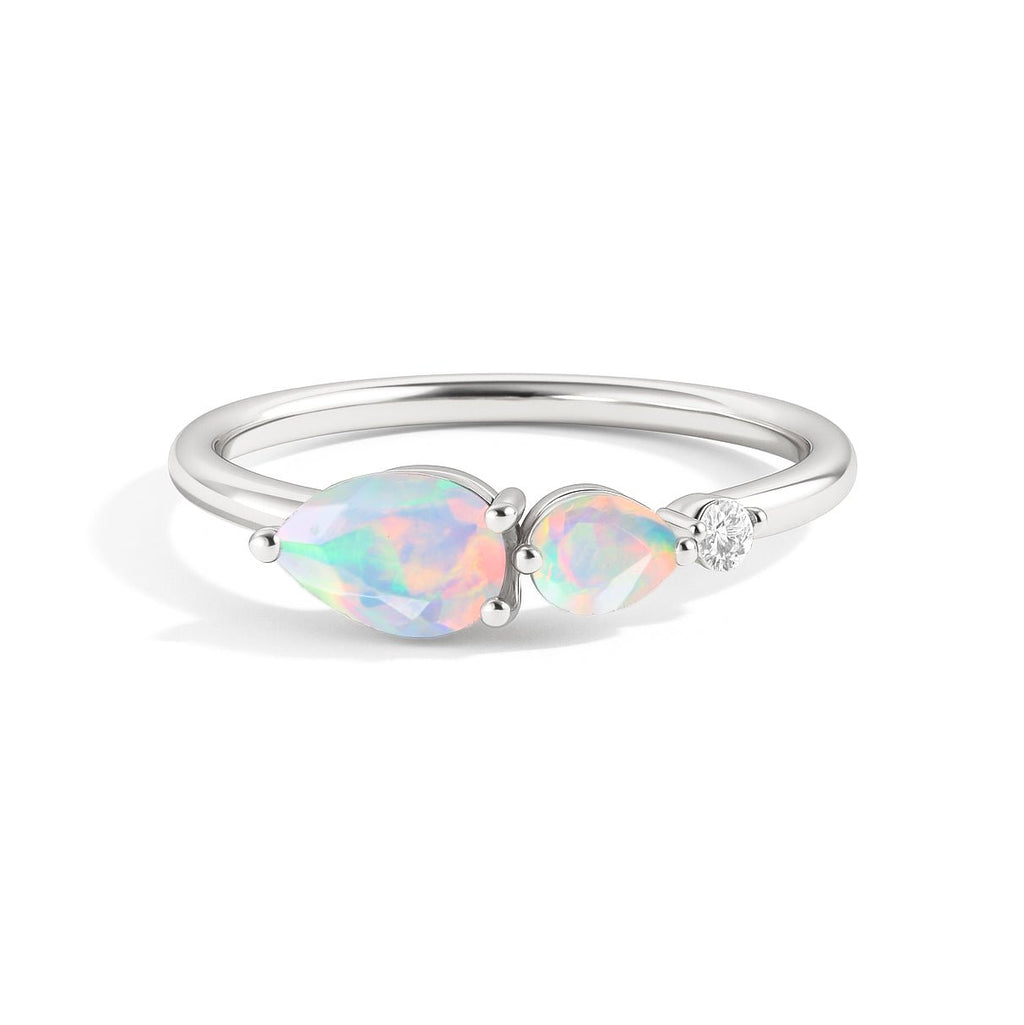White OpalNatural White Opal Two Stone Ring, a perfect blend of elegance, symbolism, and everyday versatility. Featuring a genuine 6x4 mm pear-cut White Opal gemstone weighing 0.5 carats, this ring dazzles with its mysterious iridescent hues, ideal for those born in October or anyone who adores rare, luminous stones. Expertly crafted from 925 sterling silver, this ring offers both luxury and durability. The hypoallergenic and nickel-free design ensures it’s safe and comfortable for all-day wear. Whether worn alone or stacked with other rings, its sleek profile adds a touch of sophistication to any look from casual outfits to formal attire.
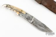 This knife features a rustic looking blade, .066" blade stock and 1.246" blade depth, hidden tang construction. The handle has a cast pewter guard with skull and cross bones stamped into it, and a coyote jaw bone grip with a copper pin. Comes with a brown leather sheath. Good condition.
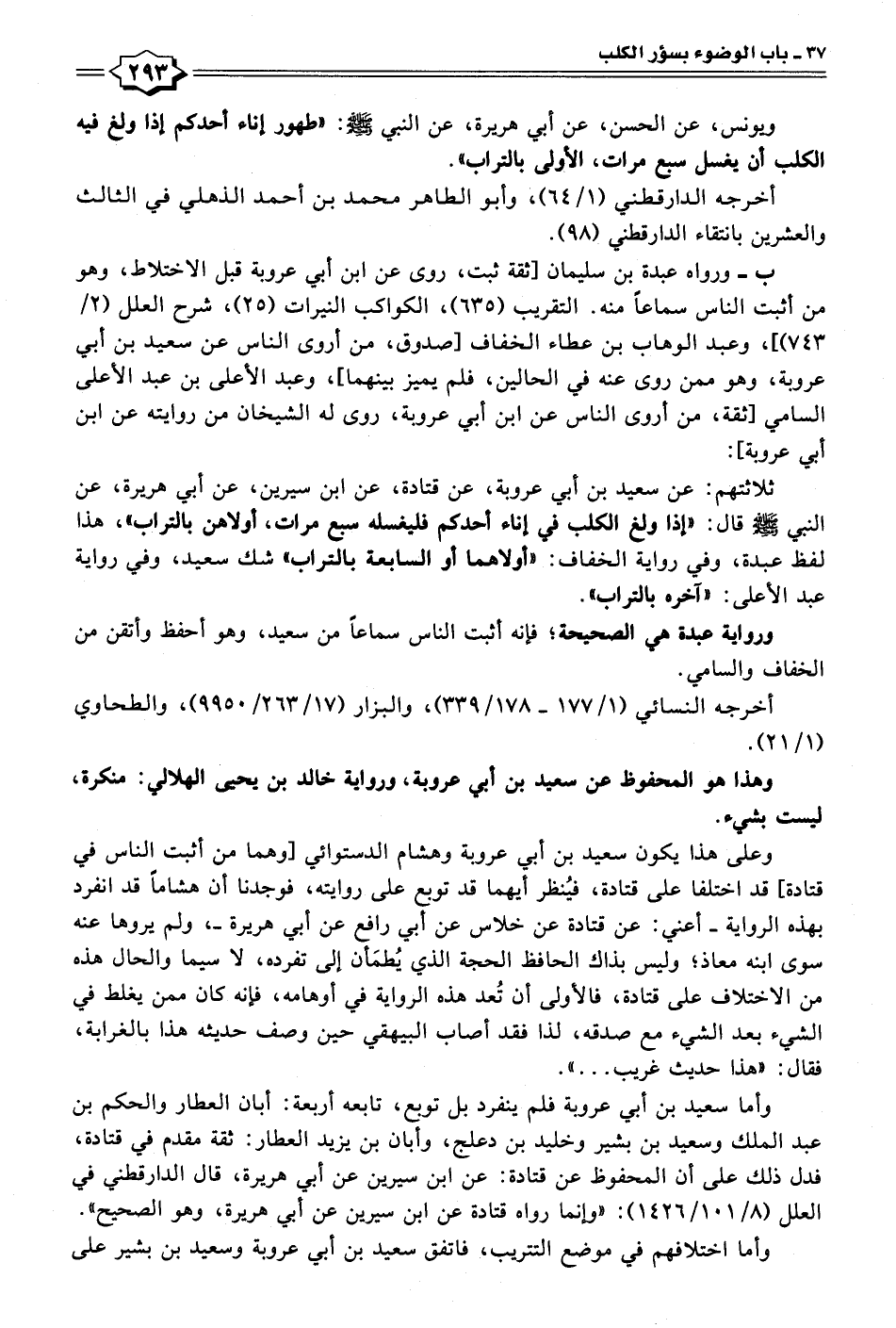 ثلاثتهم: عن سعيد بن أبي عروبة، عن قتادة، عن ابن سيرين، عن أبي هريرة، عن النبي - صلى الله عليه وسلم - قال: "إذا ولغ الكلب في إناء أحدكم فليغسله سبع مرات، أولاهن بالتراب"، هذا لفظ عبدة، وفي رواية الخفاف: "أولاهما أو السابعة بالتراب" شك سعيد، وفي رواية عبد الأعلى: "آخره بالتراب".
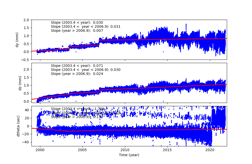 SIM Shift and Twist Trend The following plots show trends of SIM shifts (dy and dz) and twist (dtheta). All quantities are directly taken from pcaf*_asol1.fits files. The units are mm for dy and dz, and degree for dtheta. We fit three lines separated before and after (Days of Mission)= 1400 (May 21, 2003), 2700 (Dec 11, 2006), and 4400 (Aug 07, 2011). The unit of slopes are mm per day or degree per day.
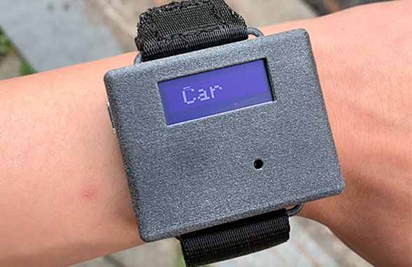 이렇게 수집한 데이터를 이용해 제작한 딥러닝 모델을 마이크로 컨트롤러의 종류 중 하나인 아두이노에 업로드했습니다. 여기서 마이크로 컨트롤러란 조그만 컴퓨터라고 생각하시면 됩니다. 그리고 아두이노를 소형 진동모터와 OLED 디스플레이와 연결하고, 3D 프린팅을 한 케이스에 넣어 제품을 완성했습니다.
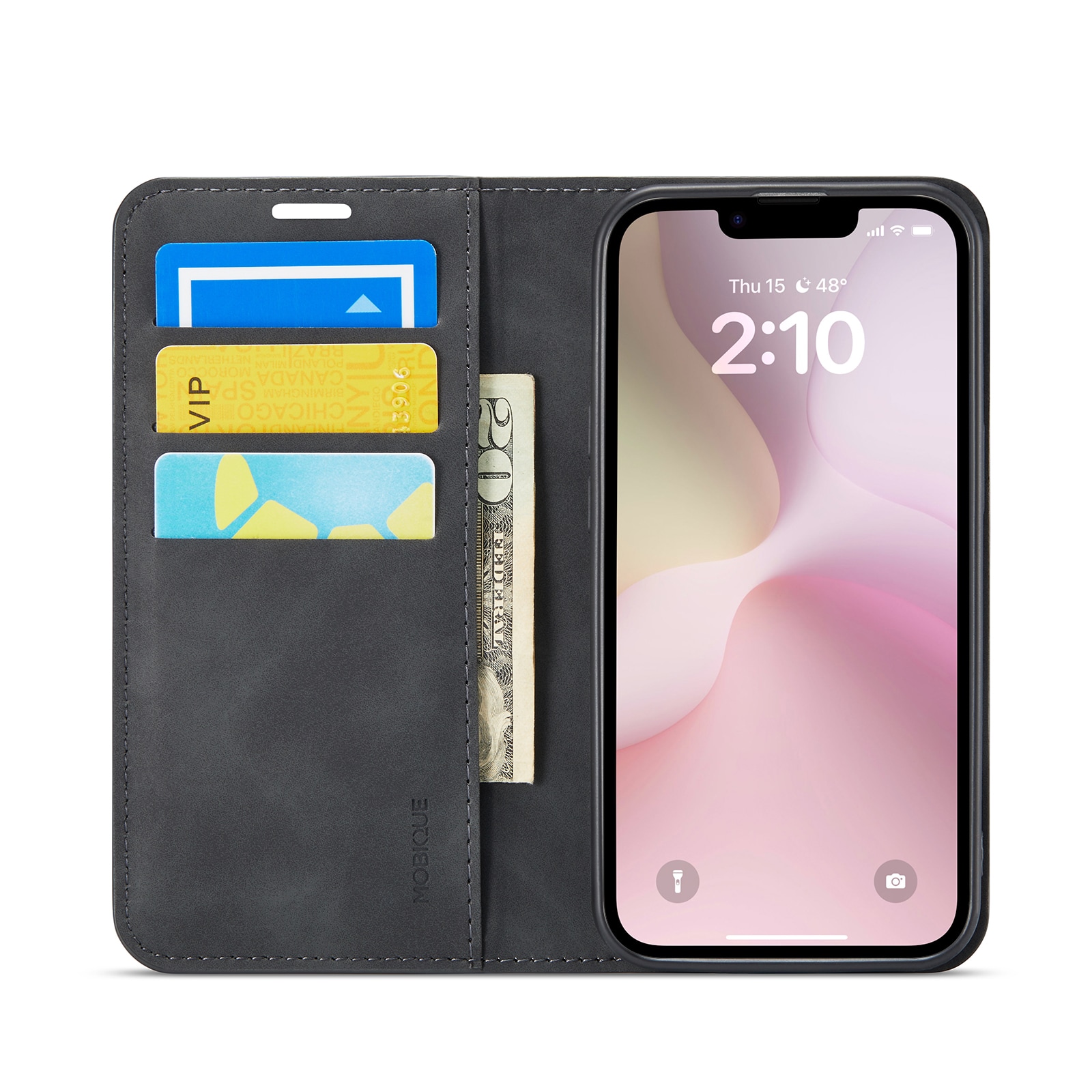 Aan de binnenkant van de flap bevinden zich kaartsleuven met ruimte voor maximaal twee kaarten. Daarnaast is er een vakje voor bonnetjes en briefgeld. Het hoesje blijft gesloten met discrete magneten die in de flap zijn verwerkt.
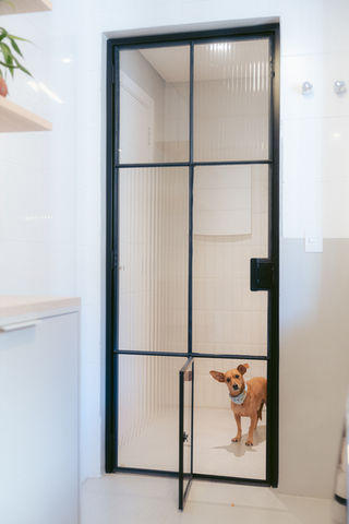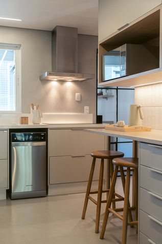Na cozinha, buscamos melhorar a funcionalidade e trazer mais aconchego para combinar com o restante da casa. No chão, trocamos o porcelanato com defeitos pelo piso de microcimento, também utilizado nas paredes sobre o revestimento existente. Os tons de areia e madeira na marcenaria combinados com a nova iluminação trouxeram o aconchego desejado. A portinha em serralheria que divide cozinha e lavanderia foi pensada especialmente para o Tito, facilitando o acesso para o banheiro.

^^^^^^^^

→ **WHAT IS REQUIRED**
When you reach a picture, pass over it; write out all other material exactly.

→ **ANSWER**
White OpalNatural White Opal Two Stone Ring, a perfect blend of elegance, symbolism, and everyday versatility. Featuring a genuine 6x4 mm pear-cut White Opal gemstone weighing 0.5 carats, this ring dazzles with its mysterious iridescent hues, ideal for those born in October or anyone who adores rare, luminous stones. Expertly crafted from 925 sterling silver, this ring offers both luxury and durability. The hypoallergenic and nickel-free design ensures it’s safe and comfortable for all-day wear. Whether worn alone or stacked with other rings, its sleek profile adds a touch of sophistication to any look from casual outfits to formal attire.
 This knife features a rustic looking blade, .066" blade stock and 1.246" blade depth, hidden tang construction. The handle has a cast pewter guard with skull and cross bones stamped into it, and a coyote jaw bone grip with a copper pin. Comes with a brown leather sheath. Good condition.
 ثلاثتهم: عن سعيد بن أبي عروبة، عن قتادة، عن ابن سيرين، عن أبي هريرة، عن النبي - صلى الله عليه وسلم - قال: "إذا ولغ الكلب في إناء أحدكم فليغسله سبع مرات، أولاهن بالتراب"، هذا لفظ عبدة، وفي رواية الخفاف: "أولاهما أو السابعة بالتراب" شك سعيد، وفي رواية عبد الأعلى: "آخره بالتراب".
 SIM Shift and Twist Trend The following plots show trends of SIM shifts (dy and dz) and twist (dtheta). All quantities are directly taken from pcaf*_asol1.fits files. The units are mm for dy and dz, and degree for dtheta. We fit three lines separated before and after (Days of Mission)= 1400 (May 21, 2003), 2700 (Dec 11, 2006), and 4400 (Aug 07, 2011). The unit of slopes are mm per day or degree per day.
 이렇게 수집한 데이터를 이용해 제작한 딥러닝 모델을 마이크로 컨트롤러의 종류 중 하나인 아두이노에 업로드했습니다. 여기서 마이크로 컨트롤러란 조그만 컴퓨터라고 생각하시면 됩니다. 그리고 아두이노를 소형 진동모터와 OLED 디스플레이와 연결하고, 3D 프린팅을 한 케이스에 넣어 제품을 완성했습니다.
 Aan de binnenkant van de flap bevinden zich kaartsleuven met ruimte voor maximaal twee kaarten. Daarnaast is er een vakje voor bonnetjes en briefgeld. Het hoesje blijft gesloten met discrete magneten die in de flap zijn verwerkt.
Na cozinha, buscamos melhorar a funcionalidade e trazer mais aconchego para combinar com o restante da casa. No chão, trocamos o porcelanato com defeitos pelo piso de microcimento, também utilizado nas paredes sobre o revestimento existente. Os tons de areia e madeira na marcenaria combinados com a nova iluminação trouxeram o aconchego desejado. A portinha em serralheria que divide cozinha e lavanderia foi pensada especialmente para o Tito, facilitando o acesso para o banheiro.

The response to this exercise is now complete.